Exercise:
I would like the lines below, from the one with "Частота перерывов зависит" through the one with "贵州省贵阳市第一中学2024届高考适应性月考(一)数学(精品解析版)", copied exactly and without any pictures.
** Opening Supplied records block **
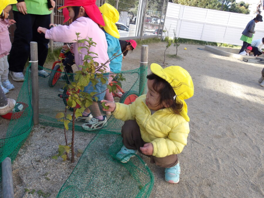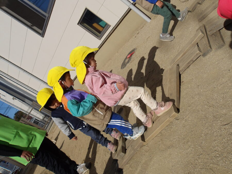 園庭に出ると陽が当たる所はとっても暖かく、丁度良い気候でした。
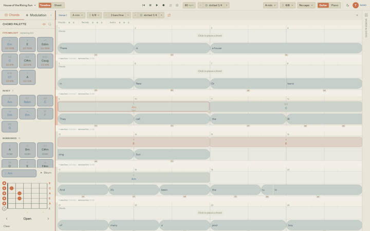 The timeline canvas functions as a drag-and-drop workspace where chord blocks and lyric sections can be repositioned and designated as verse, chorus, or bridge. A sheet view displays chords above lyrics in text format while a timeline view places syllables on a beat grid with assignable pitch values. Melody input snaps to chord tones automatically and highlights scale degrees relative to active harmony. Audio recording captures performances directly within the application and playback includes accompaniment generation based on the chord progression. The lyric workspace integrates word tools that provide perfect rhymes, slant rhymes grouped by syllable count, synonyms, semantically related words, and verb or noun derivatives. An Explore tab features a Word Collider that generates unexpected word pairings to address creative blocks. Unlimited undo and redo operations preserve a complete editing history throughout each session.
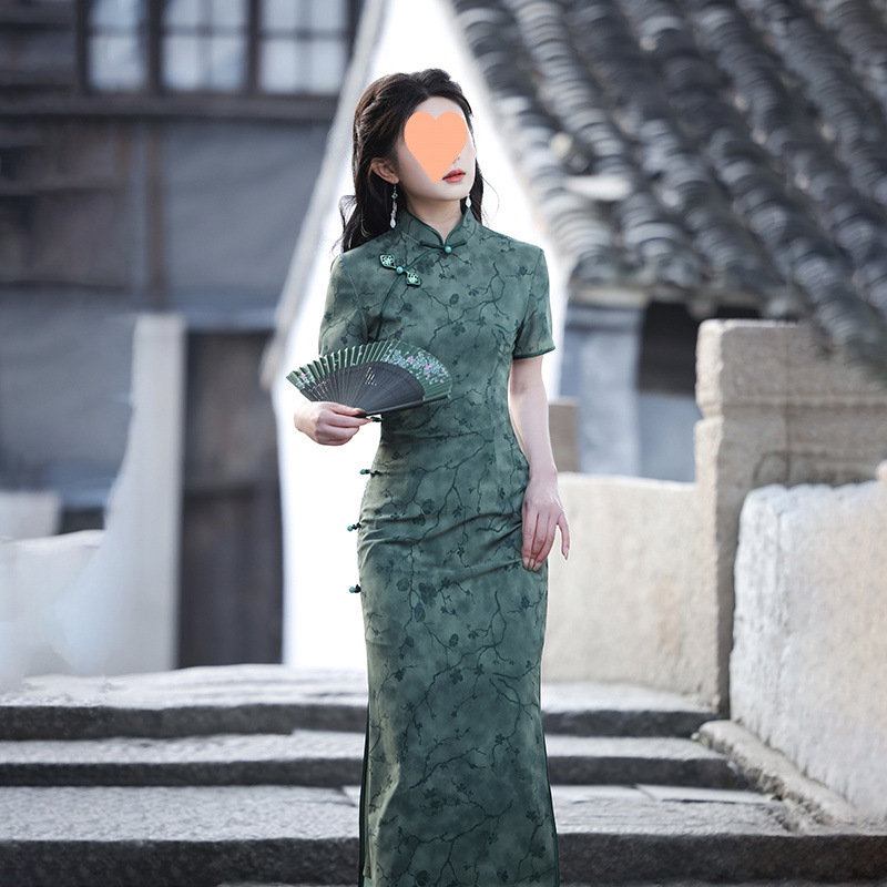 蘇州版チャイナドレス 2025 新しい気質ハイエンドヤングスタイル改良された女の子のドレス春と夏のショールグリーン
** Closing Supplied records block **
** Opening Supplied records block **
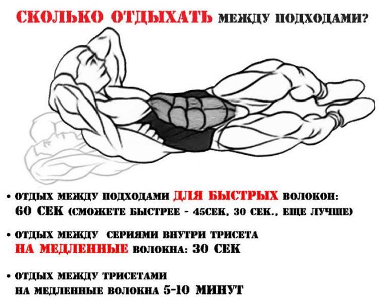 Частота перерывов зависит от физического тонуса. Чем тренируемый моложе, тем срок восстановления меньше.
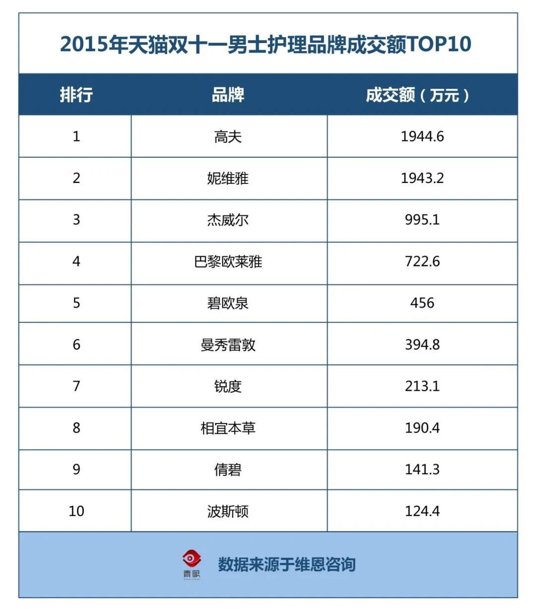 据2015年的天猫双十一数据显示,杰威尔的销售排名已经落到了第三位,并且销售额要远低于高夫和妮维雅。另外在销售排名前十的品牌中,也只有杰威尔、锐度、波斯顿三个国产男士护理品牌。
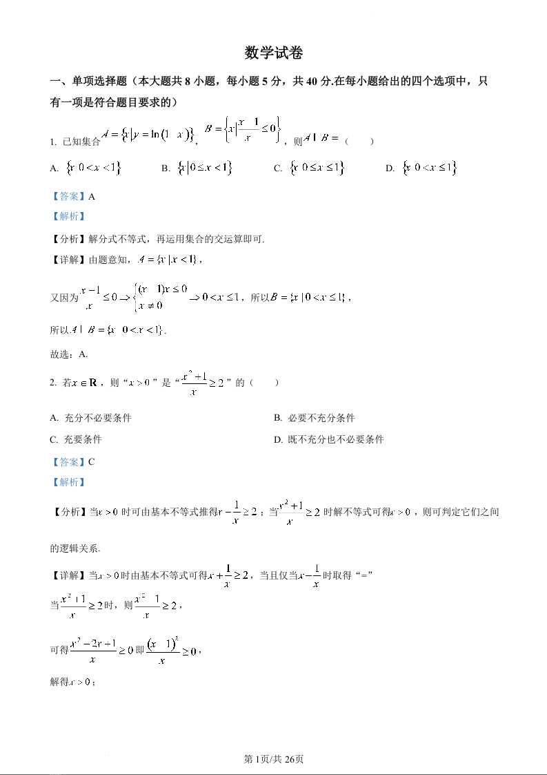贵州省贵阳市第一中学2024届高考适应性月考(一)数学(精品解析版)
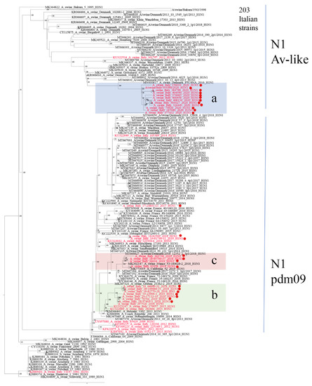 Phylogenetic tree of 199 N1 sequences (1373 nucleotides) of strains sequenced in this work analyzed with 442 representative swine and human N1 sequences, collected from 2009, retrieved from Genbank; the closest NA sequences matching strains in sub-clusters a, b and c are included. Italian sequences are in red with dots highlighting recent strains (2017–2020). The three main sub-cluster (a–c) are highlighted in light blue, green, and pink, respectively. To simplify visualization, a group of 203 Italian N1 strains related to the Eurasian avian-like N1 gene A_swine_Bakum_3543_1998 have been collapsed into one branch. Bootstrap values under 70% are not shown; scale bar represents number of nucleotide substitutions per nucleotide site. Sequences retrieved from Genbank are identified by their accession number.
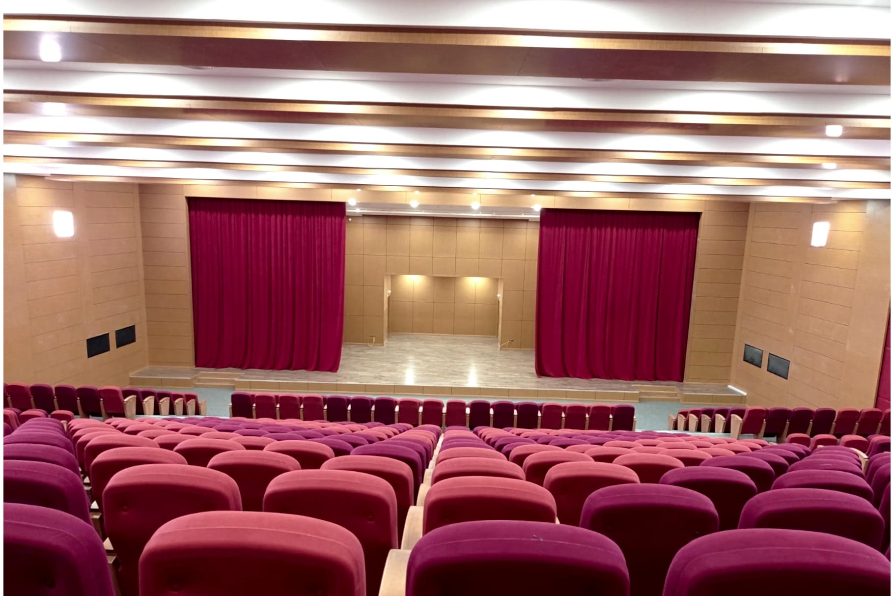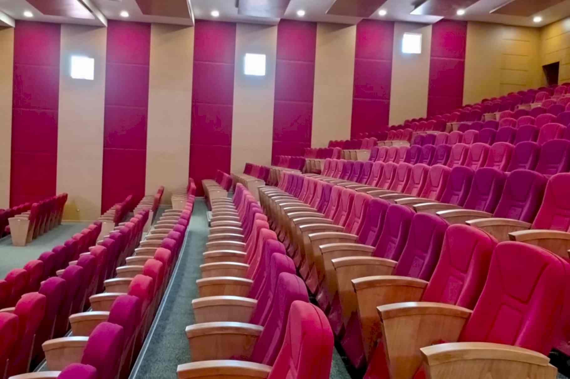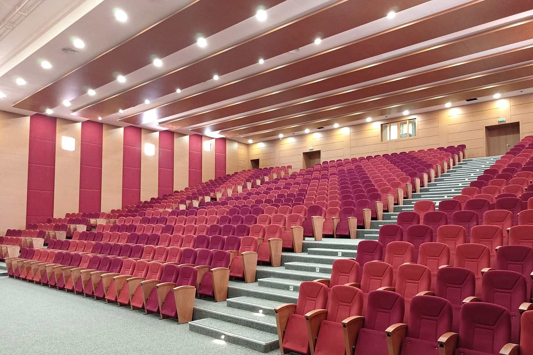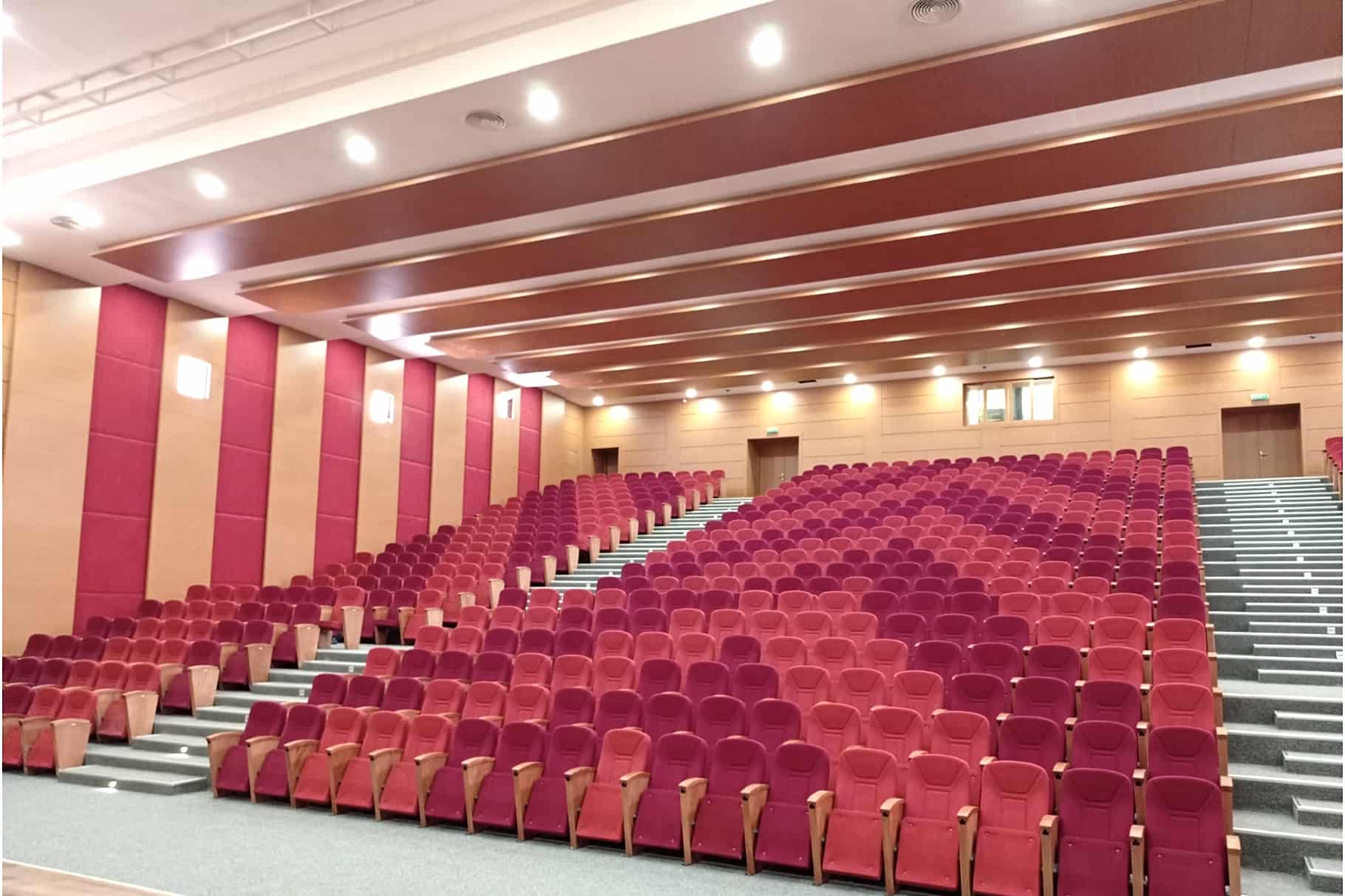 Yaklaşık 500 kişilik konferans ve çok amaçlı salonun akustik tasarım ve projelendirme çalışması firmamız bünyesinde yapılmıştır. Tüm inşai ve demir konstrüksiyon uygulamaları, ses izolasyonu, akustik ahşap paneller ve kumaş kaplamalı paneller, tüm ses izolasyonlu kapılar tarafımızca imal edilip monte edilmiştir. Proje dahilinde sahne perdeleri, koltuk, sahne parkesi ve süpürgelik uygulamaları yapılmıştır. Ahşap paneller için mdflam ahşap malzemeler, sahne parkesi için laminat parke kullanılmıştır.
** Closing Supplied records block **
Task solution:
 Частота перерывов зависит от физического тонуса. Чем тренируемый моложе, тем срок восстановления меньше.
 据2015年的天猫双十一数据显示,杰威尔的销售排名已经落到了第三位,并且销售额要远低于高夫和妮维雅。另外在销售排名前十的品牌中,也只有杰威尔、锐度、波斯顿三个国产男士护理品牌。
贵州省贵阳市第一中学2024届高考适应性月考(一)数学(精品解析版)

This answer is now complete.